DATA BELOW:

⁂

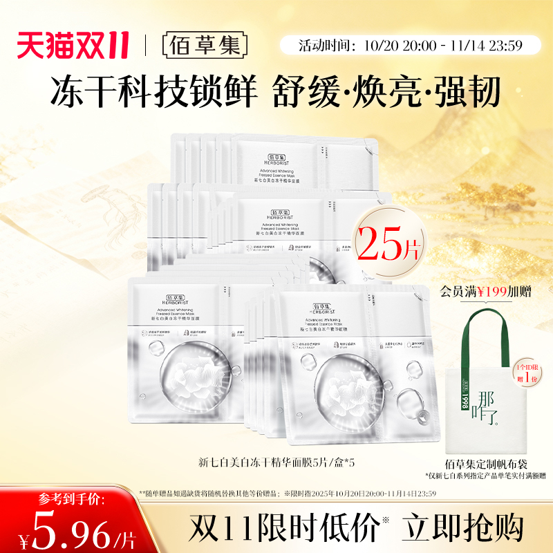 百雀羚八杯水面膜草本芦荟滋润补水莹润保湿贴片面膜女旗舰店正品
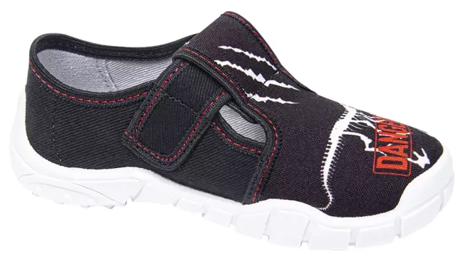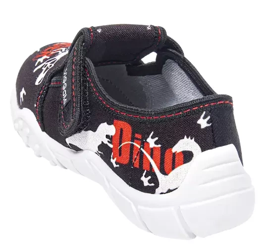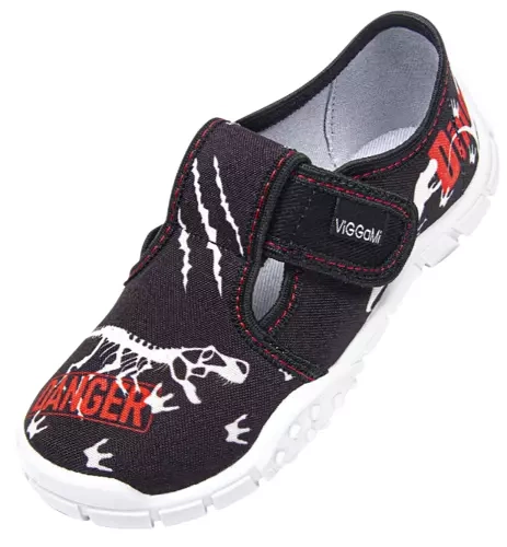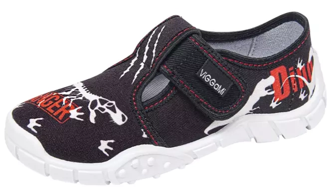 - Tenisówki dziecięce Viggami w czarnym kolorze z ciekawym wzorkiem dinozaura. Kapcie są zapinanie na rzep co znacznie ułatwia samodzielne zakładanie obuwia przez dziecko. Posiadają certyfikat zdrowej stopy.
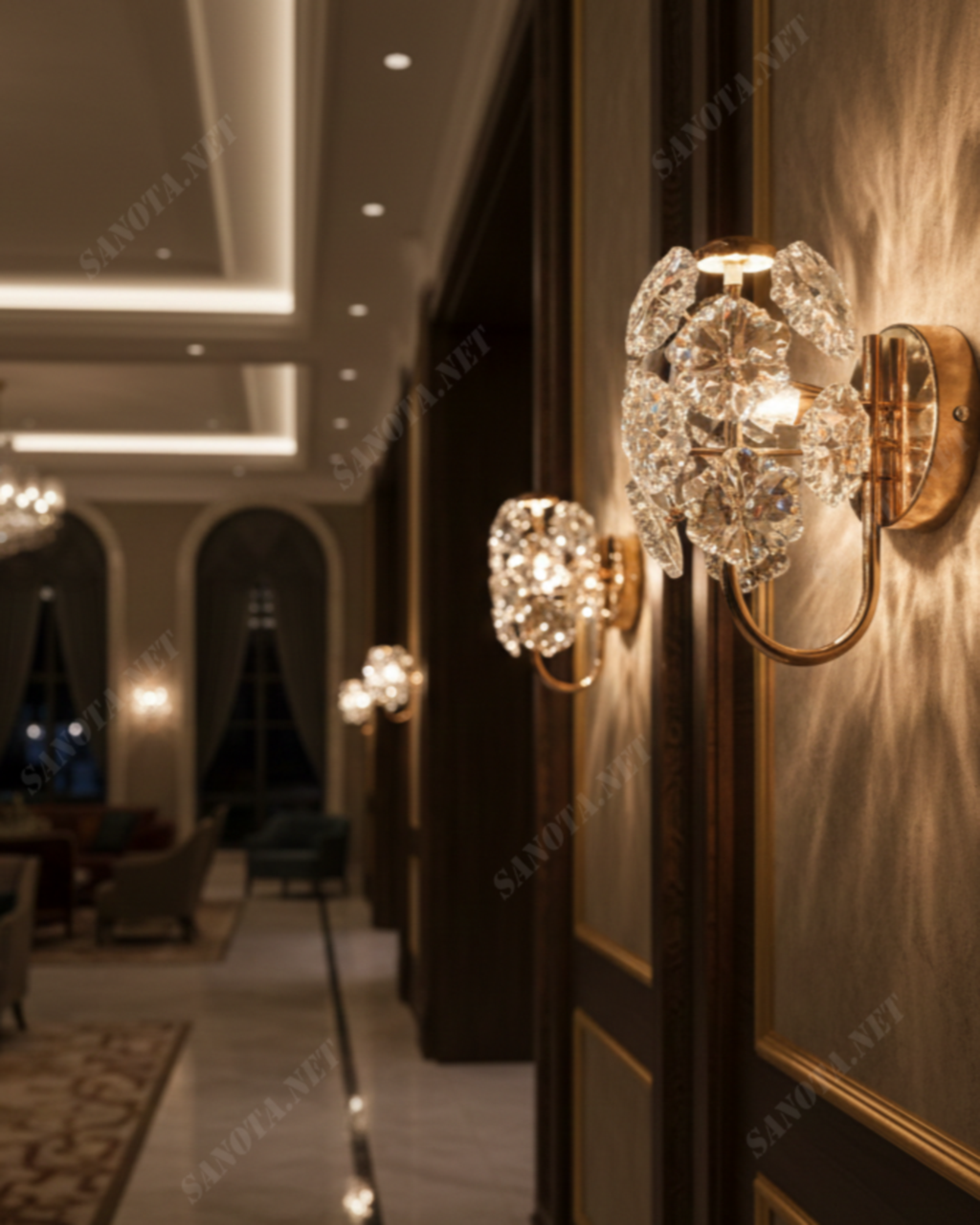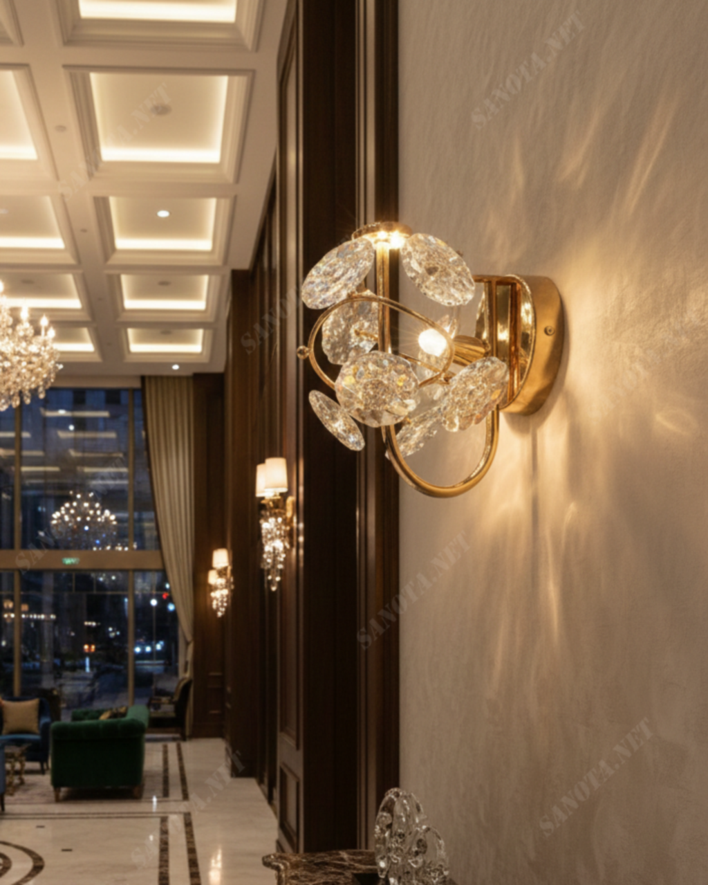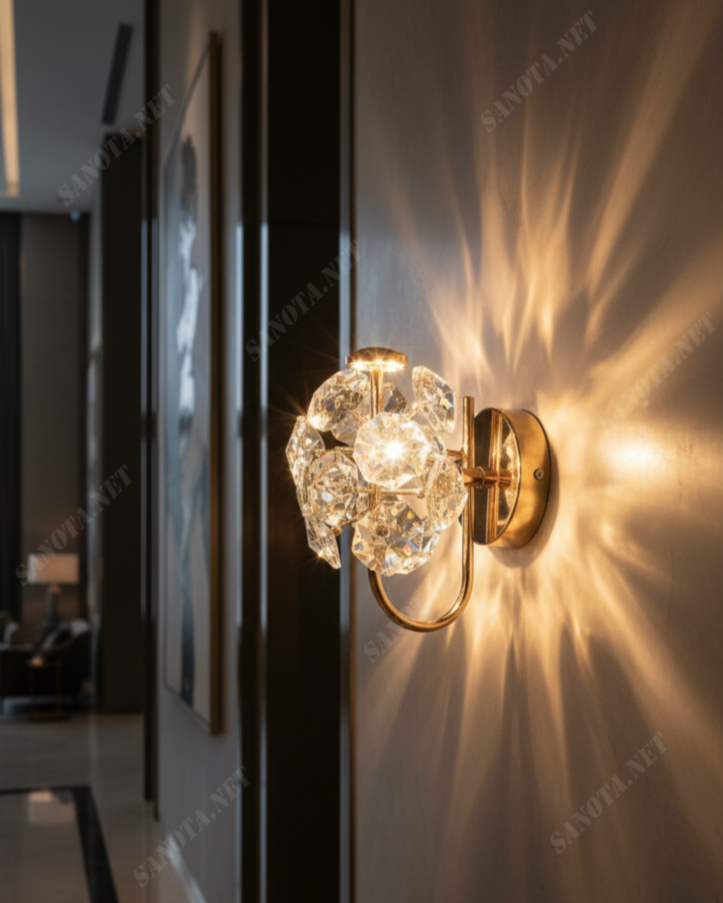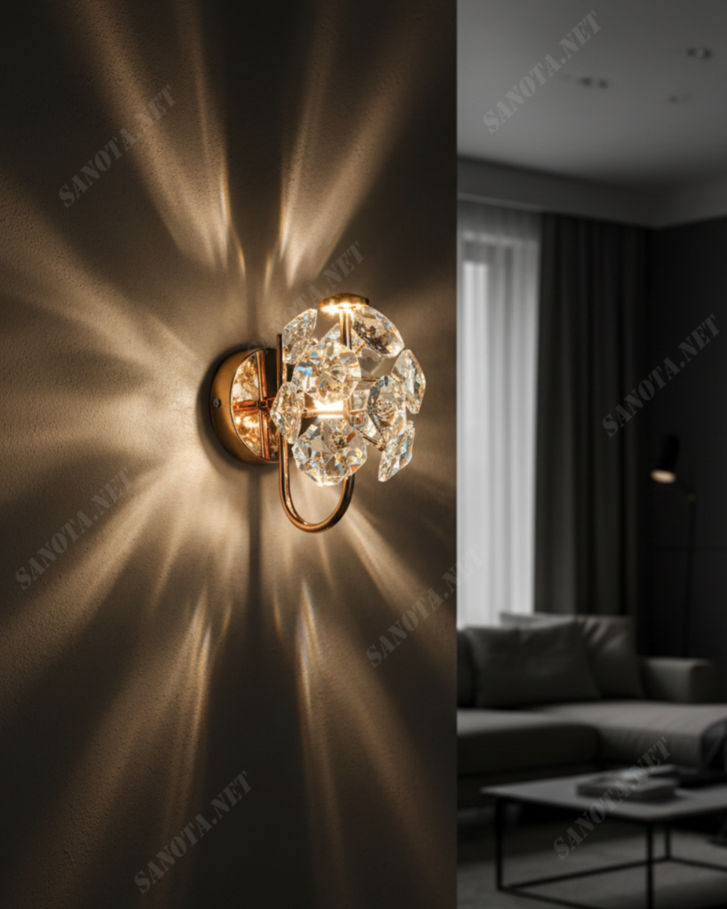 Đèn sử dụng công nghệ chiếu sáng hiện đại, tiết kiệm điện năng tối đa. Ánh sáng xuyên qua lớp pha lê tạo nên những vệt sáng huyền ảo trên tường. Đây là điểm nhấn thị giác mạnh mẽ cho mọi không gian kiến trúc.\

⁂

REQUIRED WORK: Keep the pictures out of the copy and write out the data exactly as it stands.

OUTPUT FOR THIS TASK:
 百雀羚八杯水面膜草本芦荟滋润补水莹润保湿贴片面膜女旗舰店正品
 - Tenisówki dziecięce Viggami w czarnym kolorze z ciekawym wzorkiem dinozaura. Kapcie są zapinanie na rzep co znacznie ułatwia samodzielne zakładanie obuwia przez dziecko. Posiadają certyfikat zdrowej stopy.
 Đèn sử dụng công nghệ chiếu sáng hiện đại, tiết kiệm điện năng tối đa. Ánh sáng xuyên qua lớp pha lê tạo nên những vệt sáng huyền ảo trên tường. Đây là điểm nhấn thị giác mạnh mẽ cho mọi không gian kiến trúc.\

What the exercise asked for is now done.